— The problem —
Return each line in the records below that includes "בלוט".
======== Study material ========
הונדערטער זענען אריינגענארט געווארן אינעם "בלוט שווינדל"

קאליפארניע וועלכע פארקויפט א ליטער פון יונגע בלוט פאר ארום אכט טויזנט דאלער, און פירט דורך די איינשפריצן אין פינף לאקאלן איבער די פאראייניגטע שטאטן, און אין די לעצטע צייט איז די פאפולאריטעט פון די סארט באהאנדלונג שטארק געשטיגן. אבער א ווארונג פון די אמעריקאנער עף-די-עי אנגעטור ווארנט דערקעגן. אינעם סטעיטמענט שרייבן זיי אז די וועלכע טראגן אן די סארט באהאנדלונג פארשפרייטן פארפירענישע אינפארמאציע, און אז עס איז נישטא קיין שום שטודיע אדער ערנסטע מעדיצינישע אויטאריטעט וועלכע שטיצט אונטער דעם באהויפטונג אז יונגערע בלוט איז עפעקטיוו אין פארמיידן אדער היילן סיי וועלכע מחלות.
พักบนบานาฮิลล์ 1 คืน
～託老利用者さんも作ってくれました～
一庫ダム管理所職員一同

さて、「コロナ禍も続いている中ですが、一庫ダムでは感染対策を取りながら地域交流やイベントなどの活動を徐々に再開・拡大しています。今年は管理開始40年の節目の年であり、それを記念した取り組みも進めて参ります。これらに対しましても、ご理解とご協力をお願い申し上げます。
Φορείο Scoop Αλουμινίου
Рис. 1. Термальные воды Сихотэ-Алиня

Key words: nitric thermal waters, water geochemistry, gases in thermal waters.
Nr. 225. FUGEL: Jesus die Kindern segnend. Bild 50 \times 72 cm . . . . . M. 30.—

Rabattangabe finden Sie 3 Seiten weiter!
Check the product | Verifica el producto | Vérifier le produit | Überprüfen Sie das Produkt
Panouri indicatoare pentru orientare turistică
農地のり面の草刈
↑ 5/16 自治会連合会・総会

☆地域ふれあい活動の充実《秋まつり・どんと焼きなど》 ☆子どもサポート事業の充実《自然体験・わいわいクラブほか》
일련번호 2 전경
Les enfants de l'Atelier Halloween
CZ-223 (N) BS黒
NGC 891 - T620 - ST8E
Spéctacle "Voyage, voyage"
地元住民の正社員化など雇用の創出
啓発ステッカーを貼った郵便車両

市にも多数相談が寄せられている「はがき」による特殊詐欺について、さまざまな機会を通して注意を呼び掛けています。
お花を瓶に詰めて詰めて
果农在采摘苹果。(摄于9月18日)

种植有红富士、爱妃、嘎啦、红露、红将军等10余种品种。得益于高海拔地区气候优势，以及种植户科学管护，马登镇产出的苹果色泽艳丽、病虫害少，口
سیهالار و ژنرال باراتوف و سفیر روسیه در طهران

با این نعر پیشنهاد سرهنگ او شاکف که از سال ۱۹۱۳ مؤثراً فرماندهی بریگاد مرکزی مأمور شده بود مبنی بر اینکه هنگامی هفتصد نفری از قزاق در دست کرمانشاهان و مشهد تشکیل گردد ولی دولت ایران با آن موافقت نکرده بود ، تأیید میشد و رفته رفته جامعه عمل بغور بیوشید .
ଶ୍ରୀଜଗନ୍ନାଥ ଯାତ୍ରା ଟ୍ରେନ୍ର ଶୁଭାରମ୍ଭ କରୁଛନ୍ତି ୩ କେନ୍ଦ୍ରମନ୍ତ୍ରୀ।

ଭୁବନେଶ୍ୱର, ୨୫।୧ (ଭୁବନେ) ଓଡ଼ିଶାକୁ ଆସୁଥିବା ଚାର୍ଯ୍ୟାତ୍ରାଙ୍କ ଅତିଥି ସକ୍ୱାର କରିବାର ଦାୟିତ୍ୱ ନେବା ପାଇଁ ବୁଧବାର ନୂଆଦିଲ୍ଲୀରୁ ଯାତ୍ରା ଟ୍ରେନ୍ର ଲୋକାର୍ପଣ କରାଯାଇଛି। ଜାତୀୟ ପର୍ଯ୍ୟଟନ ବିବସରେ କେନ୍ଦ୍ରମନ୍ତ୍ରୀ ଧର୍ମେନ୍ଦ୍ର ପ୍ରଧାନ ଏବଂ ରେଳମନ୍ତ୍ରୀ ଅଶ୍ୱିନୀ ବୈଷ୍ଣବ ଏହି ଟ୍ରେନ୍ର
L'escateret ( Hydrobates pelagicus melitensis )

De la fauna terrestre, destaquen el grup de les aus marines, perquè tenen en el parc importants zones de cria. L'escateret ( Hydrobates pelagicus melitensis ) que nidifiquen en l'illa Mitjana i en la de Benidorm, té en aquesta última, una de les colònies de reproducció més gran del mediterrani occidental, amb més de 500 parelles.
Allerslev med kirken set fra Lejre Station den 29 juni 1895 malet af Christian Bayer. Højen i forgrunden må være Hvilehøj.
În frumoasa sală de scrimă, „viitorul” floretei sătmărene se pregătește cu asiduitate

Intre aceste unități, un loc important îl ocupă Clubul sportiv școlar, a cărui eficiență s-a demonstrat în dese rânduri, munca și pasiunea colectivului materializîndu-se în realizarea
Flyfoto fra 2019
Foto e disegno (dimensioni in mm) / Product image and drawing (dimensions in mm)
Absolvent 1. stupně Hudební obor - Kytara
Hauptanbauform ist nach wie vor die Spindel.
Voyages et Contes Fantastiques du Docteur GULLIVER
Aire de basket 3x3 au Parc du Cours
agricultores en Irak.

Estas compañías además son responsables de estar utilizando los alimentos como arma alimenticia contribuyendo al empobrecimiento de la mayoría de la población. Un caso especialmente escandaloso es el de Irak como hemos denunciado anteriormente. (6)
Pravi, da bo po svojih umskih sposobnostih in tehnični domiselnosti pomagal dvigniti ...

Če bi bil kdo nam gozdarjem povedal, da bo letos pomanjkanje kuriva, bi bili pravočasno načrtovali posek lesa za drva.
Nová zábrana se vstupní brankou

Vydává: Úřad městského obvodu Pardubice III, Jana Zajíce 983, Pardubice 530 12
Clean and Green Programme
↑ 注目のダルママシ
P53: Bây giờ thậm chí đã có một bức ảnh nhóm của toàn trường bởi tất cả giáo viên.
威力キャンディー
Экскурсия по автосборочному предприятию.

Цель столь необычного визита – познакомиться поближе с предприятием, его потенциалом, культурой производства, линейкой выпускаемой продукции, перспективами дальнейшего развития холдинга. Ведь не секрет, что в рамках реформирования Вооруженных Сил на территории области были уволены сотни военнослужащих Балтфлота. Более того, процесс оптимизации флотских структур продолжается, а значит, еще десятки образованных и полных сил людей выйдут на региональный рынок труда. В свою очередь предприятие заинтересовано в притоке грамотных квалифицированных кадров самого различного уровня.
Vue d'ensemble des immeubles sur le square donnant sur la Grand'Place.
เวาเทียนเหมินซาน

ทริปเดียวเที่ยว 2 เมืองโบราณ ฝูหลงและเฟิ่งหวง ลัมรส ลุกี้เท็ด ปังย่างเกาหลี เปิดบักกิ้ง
========
— Written solution —
הונדערטער זענען אריינגענארט געווארן אינעם "בלוט שווינדל"
קאליפארניע וועלכע פארקויפט א ליטער פון יונגע בלוט פאר ארום אכט טויזנט דאלער, און פירט דורך די איינשפריצן אין פינף לאקאלן איבער די פאראייניגטע שטאטן, און אין די לעצטע צייט איז די פאפולאריטעט פון די סארט באהאנדלונג שטארק געשטיגן. אבער א ווארונג פון די אמעריקאנער עף-די-עי אנגעטור ווארנט דערקעגן. אינעם סטעיטמענט שרייבן זיי אז די וועלכע טראגן אן די סארט באהאנדלונג פארשפרייטן פארפירענישע אינפארמאציע, און אז עס איז נישטא קיין שום שטודיע אדער ערנסטע מעדיצינישע אויטאריטעט וועלכע שטיצט אונטער דעם באהויפטונג אז יונגערע בלוט איז עפעקטיוו אין פארמיידן אדער היילן סיי וועלכע מחלות.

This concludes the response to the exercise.